BEGIN Supplied records
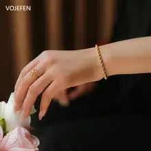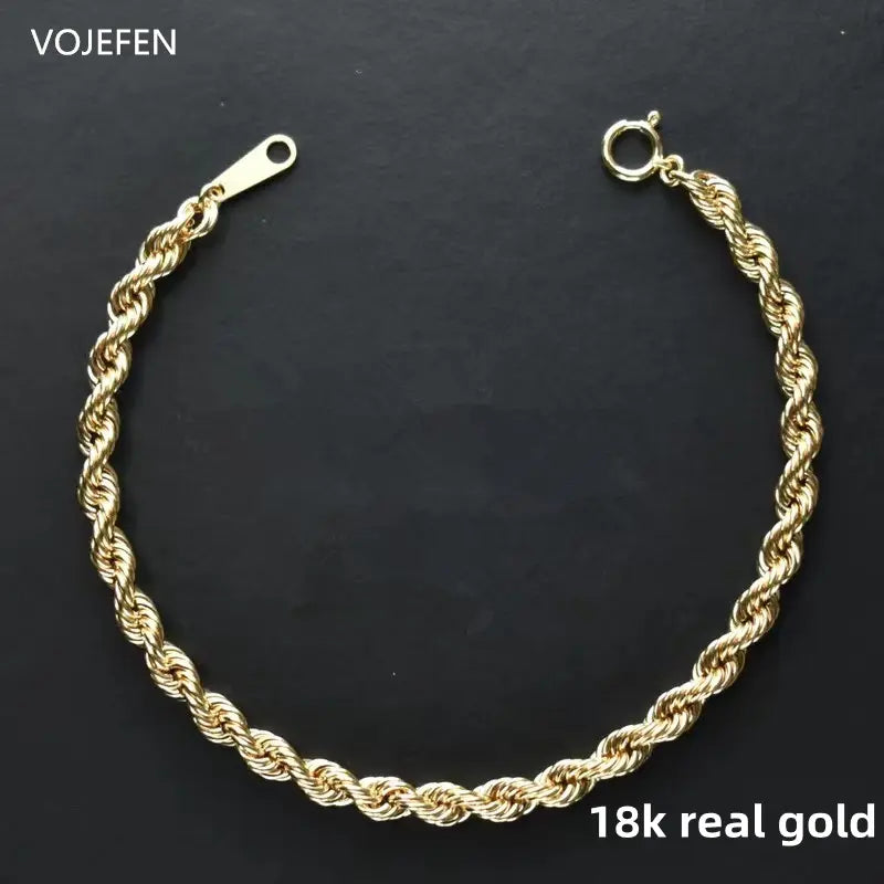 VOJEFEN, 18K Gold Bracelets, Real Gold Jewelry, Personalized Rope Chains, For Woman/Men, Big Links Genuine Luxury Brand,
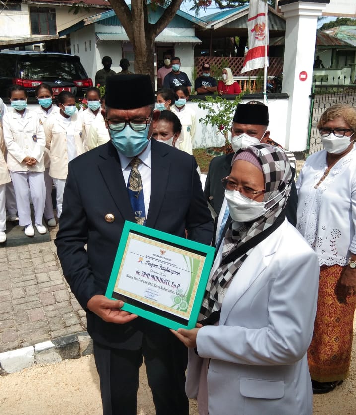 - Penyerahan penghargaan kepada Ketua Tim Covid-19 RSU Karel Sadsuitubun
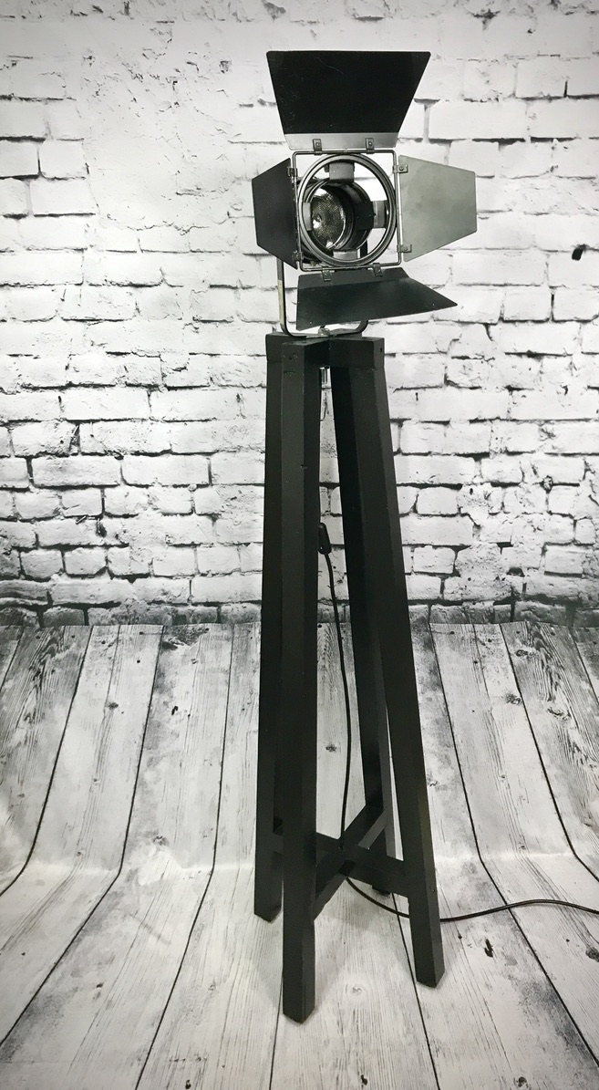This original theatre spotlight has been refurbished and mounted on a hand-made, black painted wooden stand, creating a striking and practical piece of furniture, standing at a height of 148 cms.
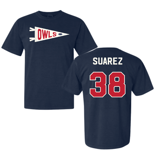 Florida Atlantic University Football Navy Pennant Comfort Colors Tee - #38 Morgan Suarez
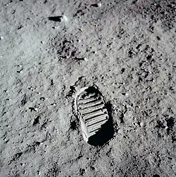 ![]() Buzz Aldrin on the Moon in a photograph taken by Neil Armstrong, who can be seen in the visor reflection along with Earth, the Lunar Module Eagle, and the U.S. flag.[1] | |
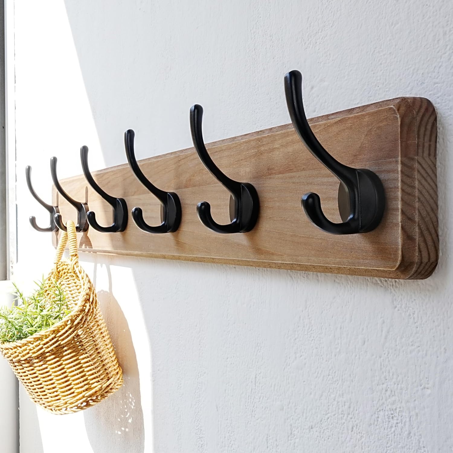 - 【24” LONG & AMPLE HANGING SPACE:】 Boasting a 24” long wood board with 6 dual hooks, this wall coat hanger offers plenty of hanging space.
END Supplied records
BEGIN Supplied records
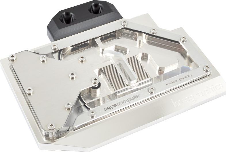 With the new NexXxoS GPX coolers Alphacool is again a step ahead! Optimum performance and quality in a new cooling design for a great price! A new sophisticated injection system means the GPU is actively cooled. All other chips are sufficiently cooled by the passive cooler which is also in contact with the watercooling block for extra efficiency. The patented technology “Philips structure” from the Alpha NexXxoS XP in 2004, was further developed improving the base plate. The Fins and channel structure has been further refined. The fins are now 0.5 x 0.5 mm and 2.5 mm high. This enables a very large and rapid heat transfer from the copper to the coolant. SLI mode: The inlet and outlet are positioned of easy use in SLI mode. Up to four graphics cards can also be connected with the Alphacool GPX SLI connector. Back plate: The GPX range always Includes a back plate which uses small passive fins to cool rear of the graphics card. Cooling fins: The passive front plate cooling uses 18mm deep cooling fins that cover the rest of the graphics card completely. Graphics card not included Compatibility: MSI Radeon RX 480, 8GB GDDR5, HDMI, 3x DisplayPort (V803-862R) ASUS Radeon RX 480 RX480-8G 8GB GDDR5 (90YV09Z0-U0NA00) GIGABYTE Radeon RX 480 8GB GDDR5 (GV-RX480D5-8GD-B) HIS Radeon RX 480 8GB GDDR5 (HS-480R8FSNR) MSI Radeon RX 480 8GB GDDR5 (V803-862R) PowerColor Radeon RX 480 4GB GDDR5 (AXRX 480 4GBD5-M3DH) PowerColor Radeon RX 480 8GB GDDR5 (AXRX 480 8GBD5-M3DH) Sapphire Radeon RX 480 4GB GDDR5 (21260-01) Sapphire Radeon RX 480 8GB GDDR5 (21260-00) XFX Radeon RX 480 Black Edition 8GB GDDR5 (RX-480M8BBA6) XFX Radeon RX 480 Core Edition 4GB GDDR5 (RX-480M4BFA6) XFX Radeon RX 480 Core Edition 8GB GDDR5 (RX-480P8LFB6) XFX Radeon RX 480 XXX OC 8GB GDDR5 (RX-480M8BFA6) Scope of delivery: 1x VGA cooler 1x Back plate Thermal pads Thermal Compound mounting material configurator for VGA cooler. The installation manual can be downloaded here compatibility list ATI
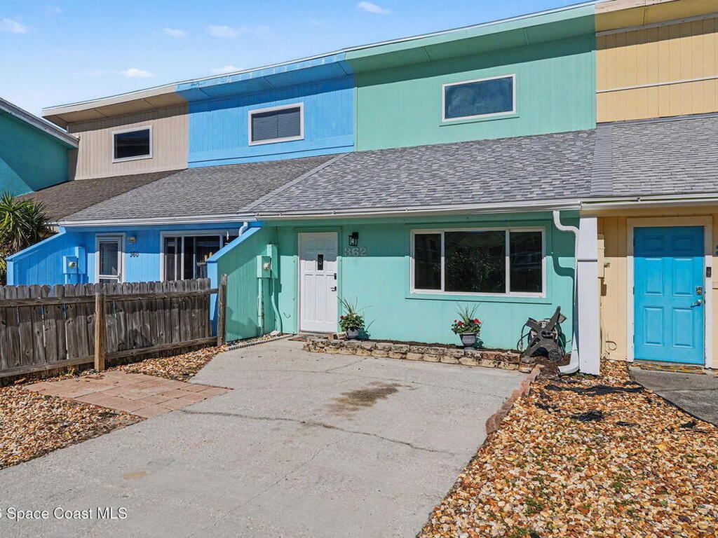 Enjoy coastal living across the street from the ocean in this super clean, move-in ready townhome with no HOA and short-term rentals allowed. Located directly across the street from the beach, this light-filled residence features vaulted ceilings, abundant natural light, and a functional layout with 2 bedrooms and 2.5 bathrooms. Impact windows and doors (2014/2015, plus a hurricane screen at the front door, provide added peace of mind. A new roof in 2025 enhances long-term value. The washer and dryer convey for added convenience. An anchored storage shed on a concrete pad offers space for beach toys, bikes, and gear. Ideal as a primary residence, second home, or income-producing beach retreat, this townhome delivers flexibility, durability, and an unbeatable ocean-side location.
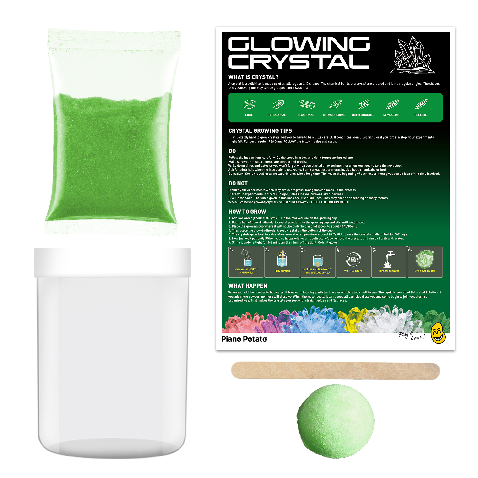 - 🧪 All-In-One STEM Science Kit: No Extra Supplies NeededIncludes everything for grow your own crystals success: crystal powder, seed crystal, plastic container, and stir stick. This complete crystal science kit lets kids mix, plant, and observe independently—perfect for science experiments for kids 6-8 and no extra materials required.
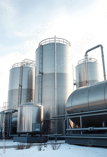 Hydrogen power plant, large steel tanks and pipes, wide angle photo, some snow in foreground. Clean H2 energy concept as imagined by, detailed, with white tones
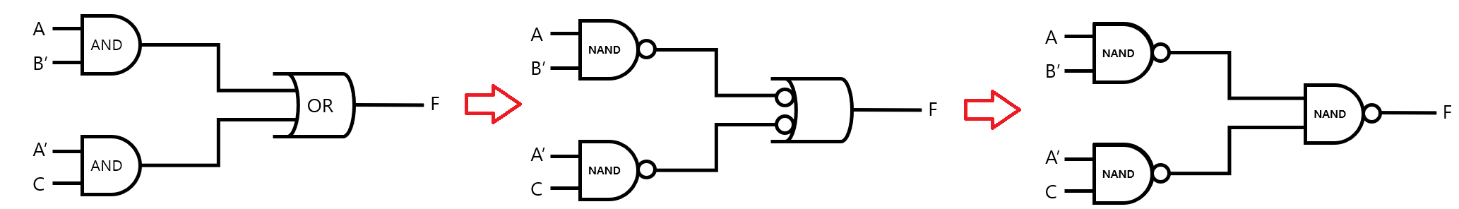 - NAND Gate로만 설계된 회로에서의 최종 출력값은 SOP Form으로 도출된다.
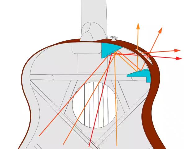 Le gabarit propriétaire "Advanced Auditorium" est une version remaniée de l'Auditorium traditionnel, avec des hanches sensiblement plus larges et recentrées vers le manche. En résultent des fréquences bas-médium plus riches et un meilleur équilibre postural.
END Supplied records
BEGIN Supplied records
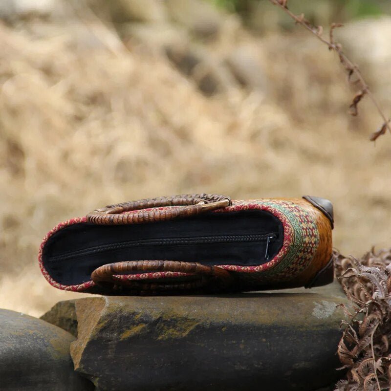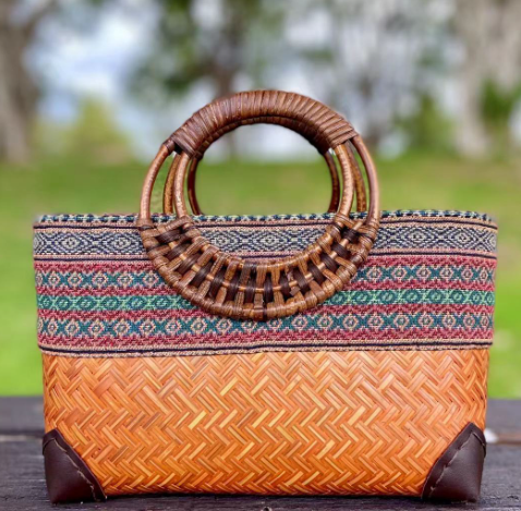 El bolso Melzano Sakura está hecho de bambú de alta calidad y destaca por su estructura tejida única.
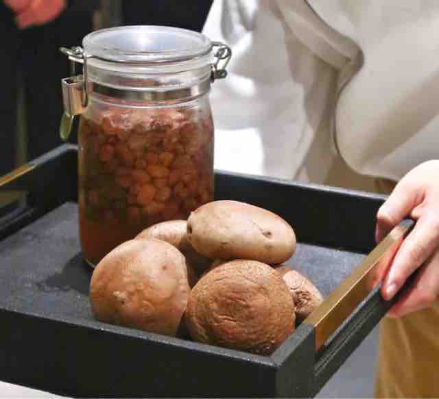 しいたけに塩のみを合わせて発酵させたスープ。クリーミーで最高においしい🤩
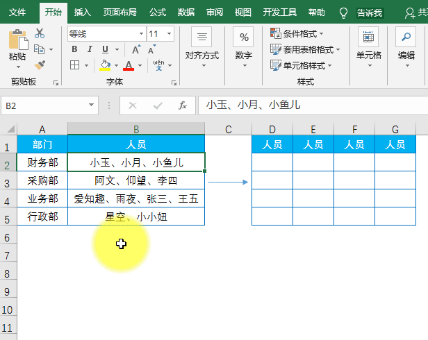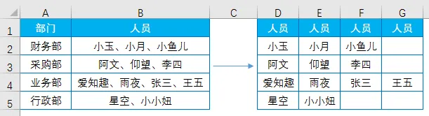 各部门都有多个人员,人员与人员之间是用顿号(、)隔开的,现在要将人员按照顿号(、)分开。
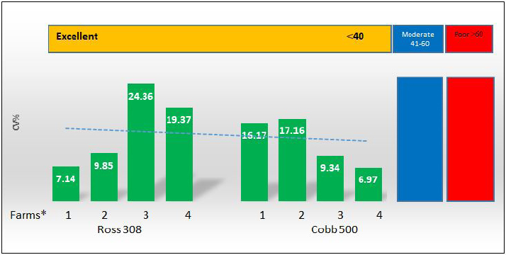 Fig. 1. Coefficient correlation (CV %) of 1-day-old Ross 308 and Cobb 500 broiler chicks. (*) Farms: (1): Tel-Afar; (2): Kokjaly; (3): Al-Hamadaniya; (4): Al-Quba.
END Supplied records
**Required work**
Above are the records; return the lines in them from the one with "This original theatre" to the one with "of hanging space.", inclusive, exactly and without images.

**Task response**
This original theatre spotlight has been refurbished and mounted on a hand-made, black painted wooden stand, creating a striking and practical piece of furniture, standing at a height of 148 cms.
 Florida Atlantic University Football Navy Pennant Comfort Colors Tee - #38 Morgan Suarez
 ![]() Buzz Aldrin on the Moon in a photograph taken by Neil Armstrong, who can be seen in the visor reflection along with Earth, the Lunar Module Eagle, and the U.S. flag.[1] | |
 - 【24” LONG & AMPLE HANGING SPACE:】 Boasting a 24” long wood board with 6 dual hooks, this wall coat hanger offers plenty of hanging space.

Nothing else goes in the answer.